Sebbene le sue origini siano radicate nell’antichità più profonda, dal tempo dell’antica Babilonia, la scienza della Kabbalah è rimasta nascosta all’umanità dal momento in cui apparve più di quattromila anni fa.
Proprio questo occultamento ha convalidato l’immortale fascino della Kabbalah. Celebri scienziati e filosofi di molti paesi, come Newton, Leibniz e Pico della Mirandola, hanno indagato e cercato di capire la scienza della Kabbalah. Comunque, oggigiorno solo pochi sanno cosa sia realmente.
La Kabbalah, o più semplicemente Cabala, è parte della tradizione esoterica della mistica ebraica, in particolare il pensiero mistico sviluppatosi in Europa a partire dal VII-VIII secolo. La Kabbalah ebraica non va confusa con le cabale di tradizione cristiana o occidentale che sono completamente diverse.
Nel VI o VII secolo venne redatta l’opera chiamata Séfer Yetziráh che tratta delle forze segrete del cosmo, al suo interno si trova la prima menzione di un termine che diventerà centrale: la nozione di sefiráh.
Letteralmente sephirah o sefiráh significa "calcolo”,”numerazione". Nel Sefer Yetzirah il termine acquista un significato più ampio: le sephiroth sono manifestazioni allusive dell'energia divina. Gli autori cabalistici amano paragonare le sephiroth a zaffiri, partendo da un assonanza dei due termini.
Tra la fine del XII secolo e l'inizio del XIII, fa la sua comparsa una vasta letteratura mistica già ben organizzata sulla dottrina delle sephiroth; queste si possono definire i gradi per mezzo dei quali Dio agisce nel creato. Praticamente tutti i mistici affermano che esse sono in numero di dieci.

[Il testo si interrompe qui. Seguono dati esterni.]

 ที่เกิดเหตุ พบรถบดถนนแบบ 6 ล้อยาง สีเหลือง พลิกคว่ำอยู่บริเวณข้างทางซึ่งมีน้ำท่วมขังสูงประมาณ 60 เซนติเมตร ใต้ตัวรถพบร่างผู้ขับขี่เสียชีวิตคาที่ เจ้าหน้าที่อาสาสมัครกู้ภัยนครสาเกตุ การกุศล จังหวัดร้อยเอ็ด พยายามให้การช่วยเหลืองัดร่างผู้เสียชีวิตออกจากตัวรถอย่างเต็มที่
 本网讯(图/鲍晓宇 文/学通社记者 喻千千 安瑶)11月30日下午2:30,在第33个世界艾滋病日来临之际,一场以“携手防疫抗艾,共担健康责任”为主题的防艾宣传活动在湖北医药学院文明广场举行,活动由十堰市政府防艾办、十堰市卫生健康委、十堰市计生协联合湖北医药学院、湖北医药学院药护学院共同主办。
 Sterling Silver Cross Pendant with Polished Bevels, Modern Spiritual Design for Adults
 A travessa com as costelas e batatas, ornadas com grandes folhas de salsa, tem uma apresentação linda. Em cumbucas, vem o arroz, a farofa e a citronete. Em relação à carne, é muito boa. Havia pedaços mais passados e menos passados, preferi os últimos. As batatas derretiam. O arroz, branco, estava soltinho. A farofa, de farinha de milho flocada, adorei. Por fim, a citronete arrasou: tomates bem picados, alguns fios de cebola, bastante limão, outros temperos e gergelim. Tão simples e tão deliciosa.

La scienza della Kabbalah non studia il nostro mondo e gli esseri umani che vivono in esso, come fanno le scienze tradizionali. La Kabbalah indaga tutto ciò che esiste al di là.
Sono moltissimi gli amanti della Kabbalah in tutto il mondo, persone comuni e personaggi famosi che traggono beneficio dai suoi insegnamenti. Oggi anche i seguaci italiani potranno informarsi, imparare, dare pareri attraverso il sito www.kabbalah.info/it e attraverso il giornale on line intitolato “Kabbalah per tutti”.

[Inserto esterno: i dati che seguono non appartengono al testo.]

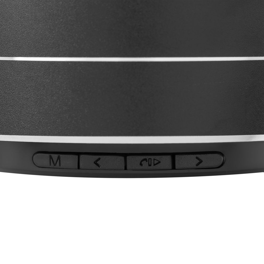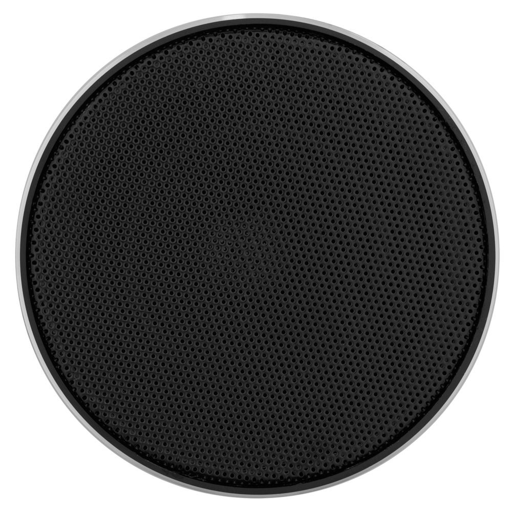 Колонка в металлическом корпусе выглядит стильно и солидно. Использовать ее можно даже на открытом воздухе — у нее достаточно мощный звук. Можно использовать для переговоров по громкой связи.
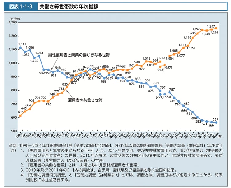 今や共働き世帯は全体の7割まで増加してきており、私への相談でも多くの方が共働きの方からの相談となっております。厚生労働省のデータを見ると1991年頃に共働き世帯が単身雇用世帯を逆転しており、今は以下グラフの通り共働き世帯が圧倒的に多い状況です。
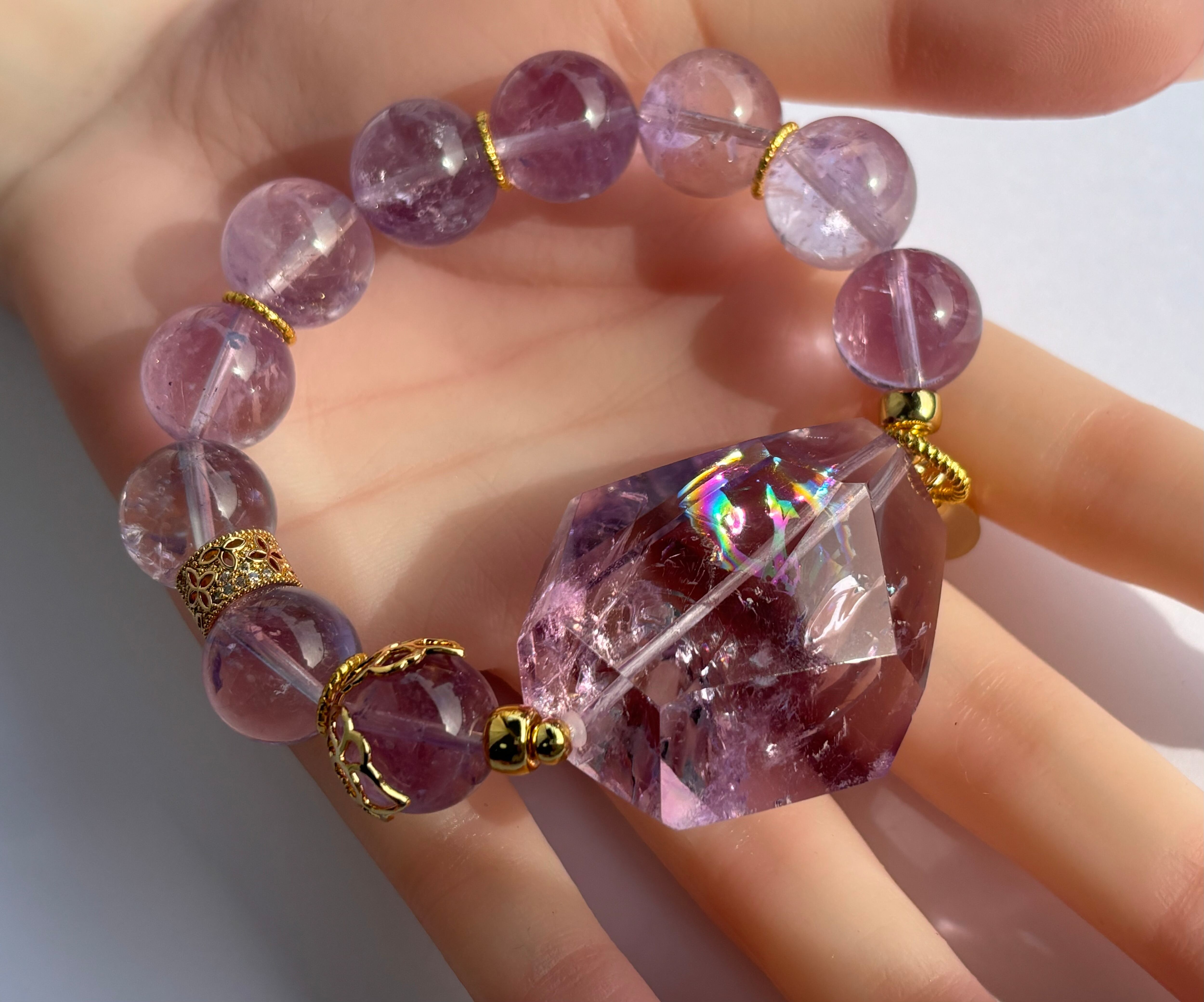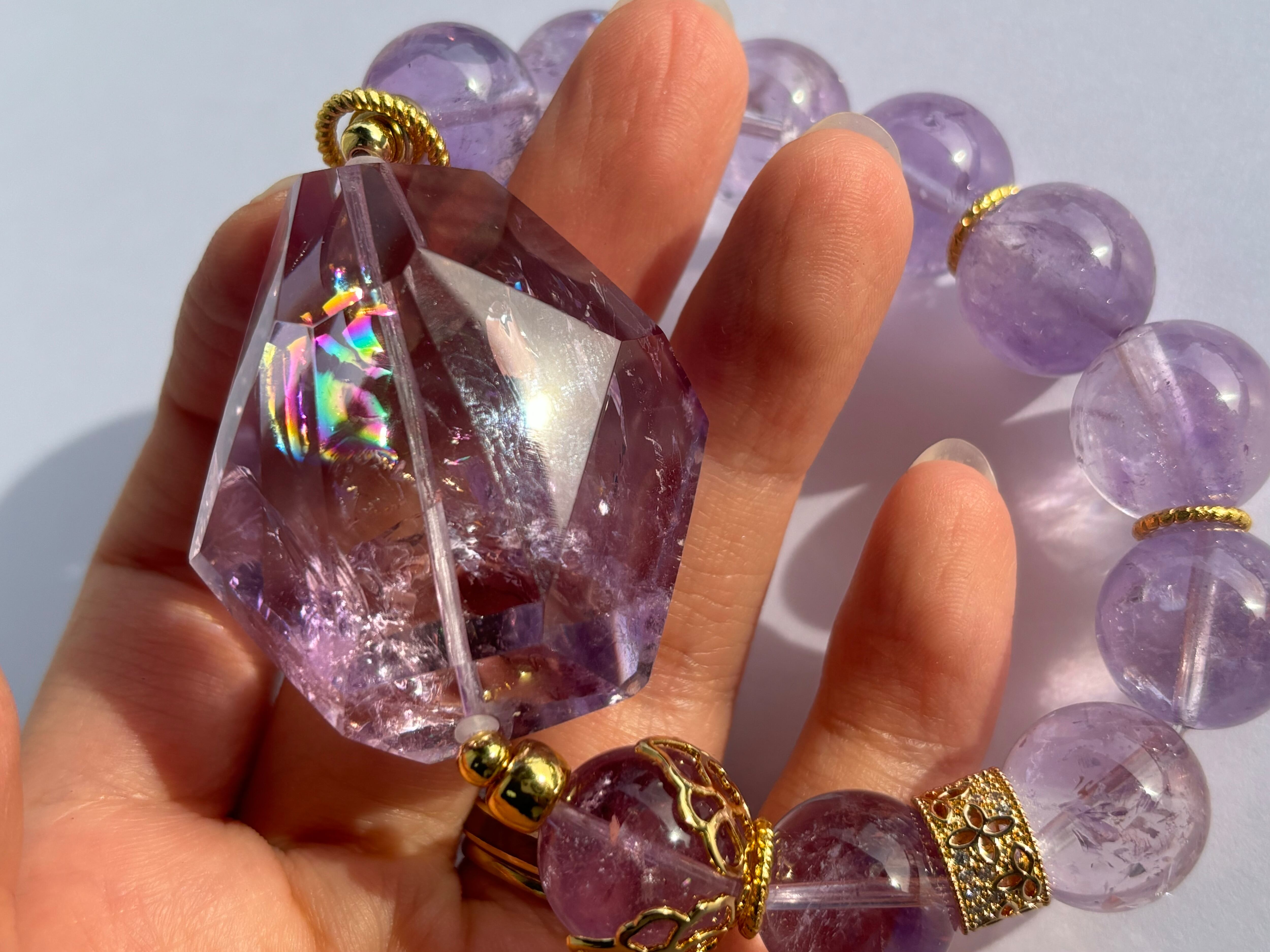 沢山のアイリス虹シラーが沢山の大振りなフリーフォームカットのアメジストのトップに高品質ピンクラベンダーのアメジストの粒と組みました!

All’interno del sito è possibile capire cos’è la Kabbalah, trovare testi antichi autentici, seguire e scaricare le lezioni, guardare i video, ascoltare la musica, partecipare alle discussioni tramite il blog.
Per capire la Kabbalah è necessario studiare a fondo ma un piccolo esempio può farci intendere, in linea di massima, di cosa si tratta. L’esempio riguarda il problema della ricerca della felicità, come viene affrontato? Cos’è la felicità?
La Kabbalah spiega che la felicità è quello che sentiamo quando appaghiamo il nostro “desiderio di ricevere”. Perché svanisce? Perché il piacere neutralizza il nostro desiderio, e senza desiderio non possiamo sentire il piacere. Qual è la formula per il piacere senza fine? Aggiungere una “intenzione di dare” al nostro “desiderio di ricevere”, allora il piacere continuerà a fluire attraverso il nostro desiderio, infinitamente.